The doctor I was randomly paired up with is very knowledgeable in Multiple Sclerosis and Neuroimmunology. She has special interest in dietary influences on neurological disease processes. Um, could I not have found her at the most perfect time? I am totally prepped! 45 days, now, into a variant of the diet she advises for conjunctive MS therapy. I am so prayerful for this appointment.
At the same time, I am fully aware that I cannot rely on this doctor to fix this mess of mine. I know I can’t. I’ve been there before.

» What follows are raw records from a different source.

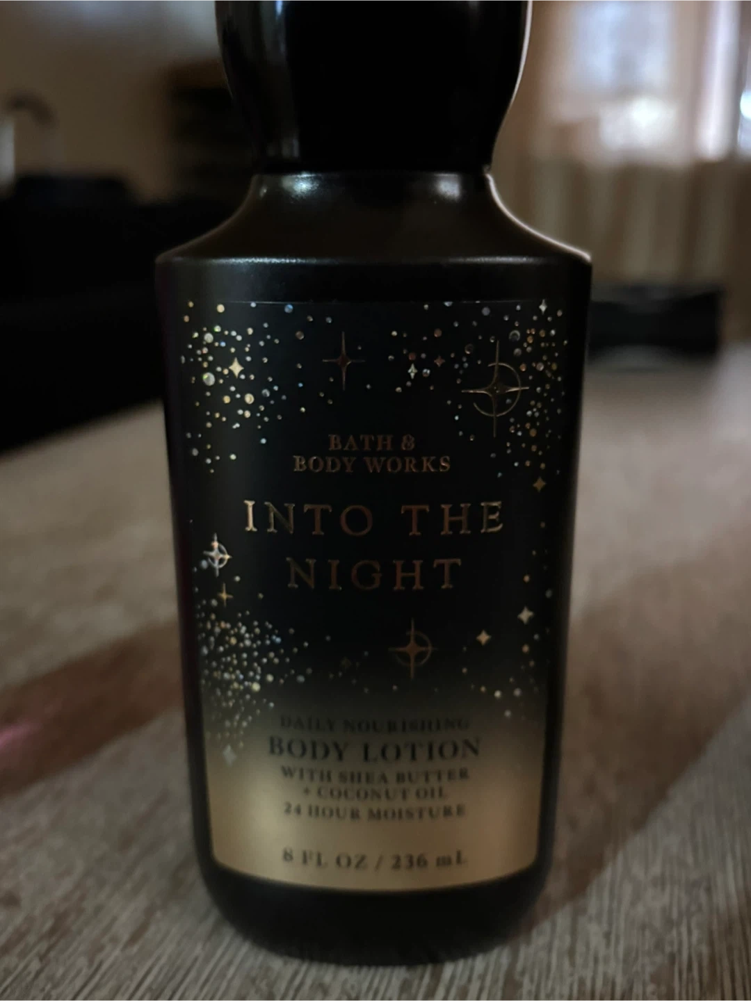 Bath & Body Works Into The Night daily nourishing body lotion. Contains shea butter and coconut oil for 24-hour moisture. 8 fl oz / 236 mL.
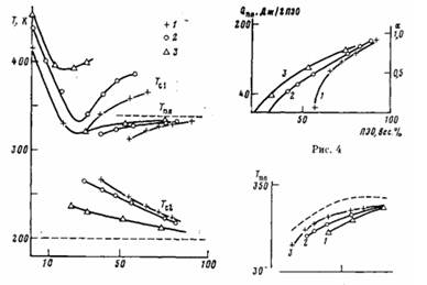 Рис. 3. Диаграммы состояния блок-сополимеров ПАСО — ПЭО при х=3 (1), 10 (2) в 30 (3). Штриховые линии — Тпл и Тс чистого ПЭО большой ММ Рис. 4. Зависимости Qajl и степени кристалличности а исследованных блок-сополимеров от содержания ПЭО при х—Ъ (1), 10 (2) и 30 (3) Рис. 5. Зависимость Тпл исследованных блок-сополимеров от молекулярной массы ПЭО-блока при х—Ъ (1), 10 (2) и 30 (3). Штриховая линия - зависимость Гпл чистого ПЭО от ММ
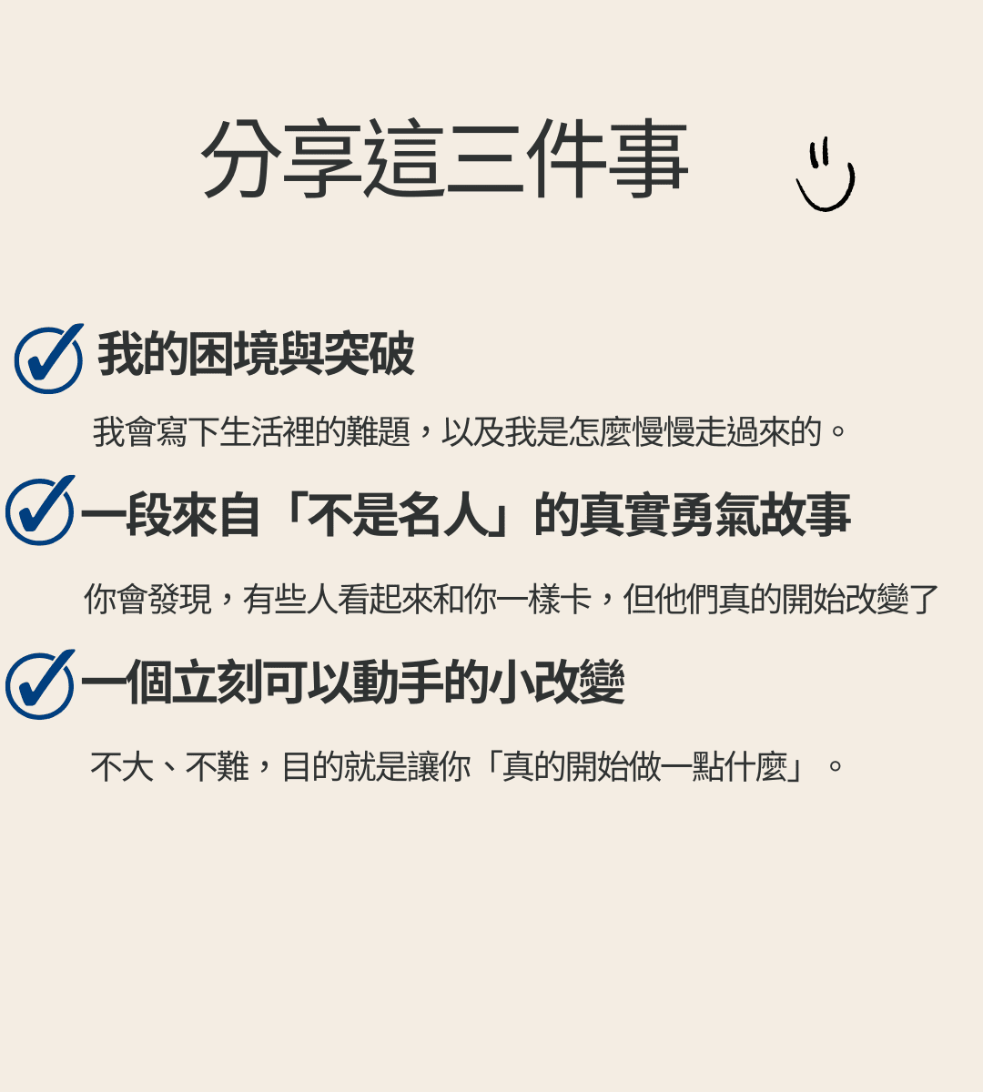 | 真實共鳴 | 太理想/太專家 | 來自生活裡卡住過、但真的站起來的人 |
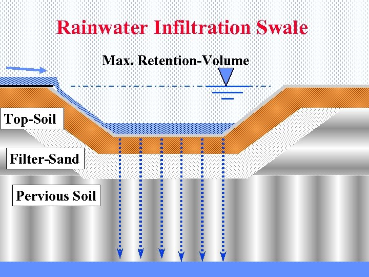 Rainwater Infiltration Swale Max. Retention-Volume Top-Soil Filter-Sand Pervious Soil
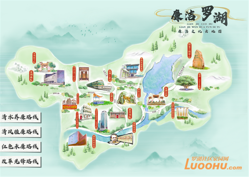 “以前提起廉洁都感觉比较抽象,现在不管我们是出门逛街还是活动锻炼,到处都能看到廉洁元素。”南湖街道渔民村的一位村民对廉洁文化建设的成果深有体会。罗湖区纪委监委整合文物古迹、红色遗迹、名人故居等本土资源,总结提炼蕴含其中的廉洁理念,推出“罗湖廉洁文化云地图”,打造16处清廉地标,形成4条廉洁文化走廊,并推出清廉地标打卡答题活动,引导市民群众实地探寻、感悟和传承廉洁文化,已经成为广大干部群众接受廉洁文化熏陶的重要阵地。推动开展“一街一品一特色”廉洁文化阵地建设,在洪湖、东湖、银湖、仙湖等生态公园融入廉洁元素,打造廉洁文化主题生态公园、社区廉洁书吧等一批多元廉洁文化阵地,实现群众“开门见廉”,进一步增强廉洁文化的辐射力、渗透力和感染力。
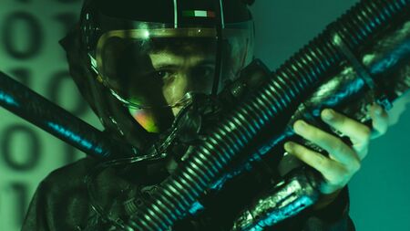 cyborg man of the future with helmet lights led and huge laser gun

I think the best strategy for my brains and my heart going into this is this: she is a part of my faith journey, a very intentional act of God. If she helps me, it is with divine guidance and wisdom from Him. I understand that this may be nothing more than a waste of fuel to drive to Portland, she may not even want to actually talk to me when I get there. She may be a jerkface. Regardless of what happens, I will go with the Lord, I will come back with the Lord, I will pray for the Lord’s hand to be in this, to lead me, to help me and to be with my doctor. My hope can only be in Him. I am so much closer to believing He is always with me. Amen.